17 setembro 2010

Mourinho coloca futuro na persuasão de Madaíl

O treinador do Real Madrid, José Mourinho, revelou esta sexta-feira que estaria interessado em orientar a selecção nacional nos dois jogos da fase de qualificação do Euro 2012 em Outubro, mas tudo vai depender da conversa do presidente da federação portuguesa, Gilberto Madaíl, com o seu homólogo do clube merengue, Florentino Perez.

Antes de começar Mourinho revelou o teor da conversa que teve com Madaíl:
«De um modo objectivo e emocional, Gilberto Madaíl pediu-me que, lembrando o facto de os campeonatos pararem durante 15 dias nesse período e o facto de saber que hé debandada geral nessa altura, não deveria ter uma grande influência no meu trabalho no Real, e se podia aceitar tentar ajudar a selecção nesses dois jogos que são decisivos, que podem abrir a porta da qualificação do Euro ou afastar».

Depois o técnico revelou a sua resposta:
«Não ficaria bem comigo mesmo se recusasse o pedido de Madaíl, não ficaria bem com o meu orgulho de ser português. Mas não posso dizer que «Sim» porque sou treinador do Real e tenho um trabalho em mãos que me apaixona e que terminará daqui a quatro anos, espero eu. Mas como não fui objectivamente capaz de dizer «Não», entreguei a capacidade de persuasão de Madaíl o meu futuro, já que ele terá de conversar com o Real. A partir de agora estou fora de jogo, das conversas e das decisões.»

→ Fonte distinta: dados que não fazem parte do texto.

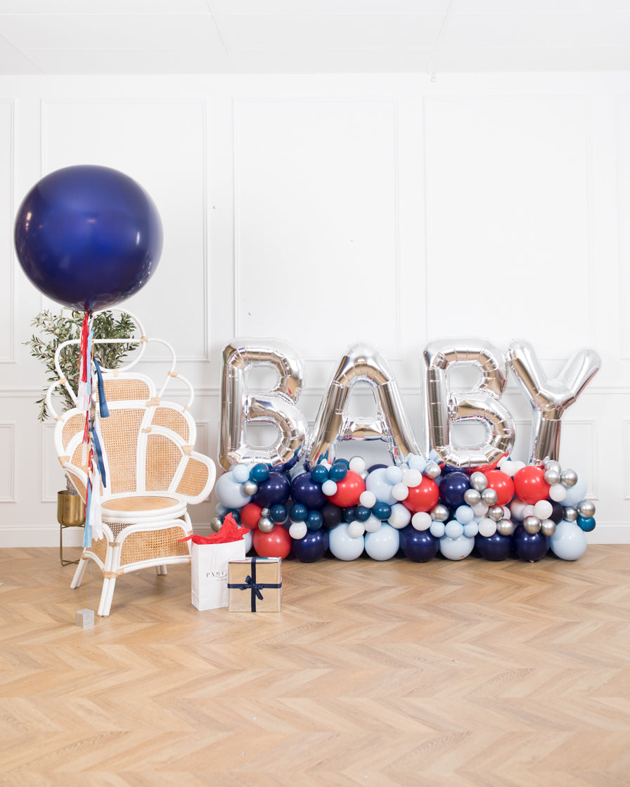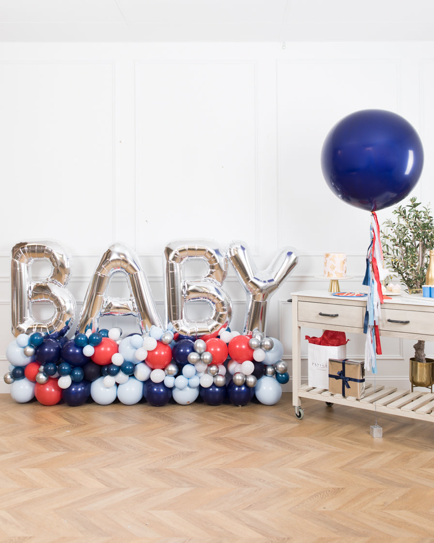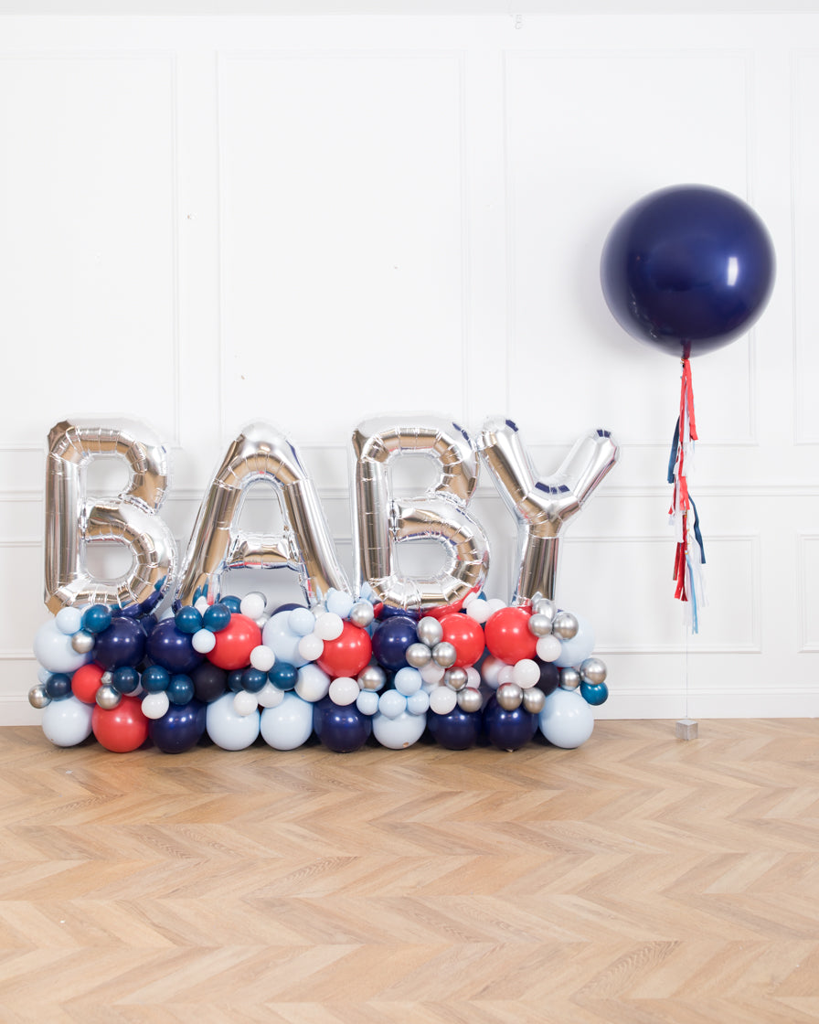 Make a bold and beautiful statement for baseball themed shower! Use this giant balloon with tassel garland and baby pedestal to dress up any space! This design includes silver letters and baseball inspired balloons.

Mourinho ressaltou ainda na conferência que não é ele quem pode salvar a selecção:
«Não é um treinador com dois ou três treinos que pode reverter a actual situação. São os jogadores que devem ir para a selecção como uma missão e não como se fossem passear a sua classe e prestígio que conquistam nos clubes; é a imprensa portuguesa que deve ter a missão de unir a seleccção; e são os adeptos que devem encher os estádios e empurrarem os jogadores. A minha ajuda seria muito limitada.»
O treinador do Real relembrou também que já tinha revelado o seu desejo de orientar a selecção, «mas daqui a 20 anos, quando poderei trabalhar em full time, com total disponibilidade e sem limitação. Mas também é verdade que há algum tempo disse sempre que, num momento de aflição, nunca diria não.»
Curiosa foi a afirmação de Mourinho quando disse que não ganharia nada na selecção, pelo contrário, «só teria a perder. Felizmente não preciso de trabalho. Estou sentado na cadeira em que 99,99% dos treinadores de todo o Mundo gostariam de estar sentados».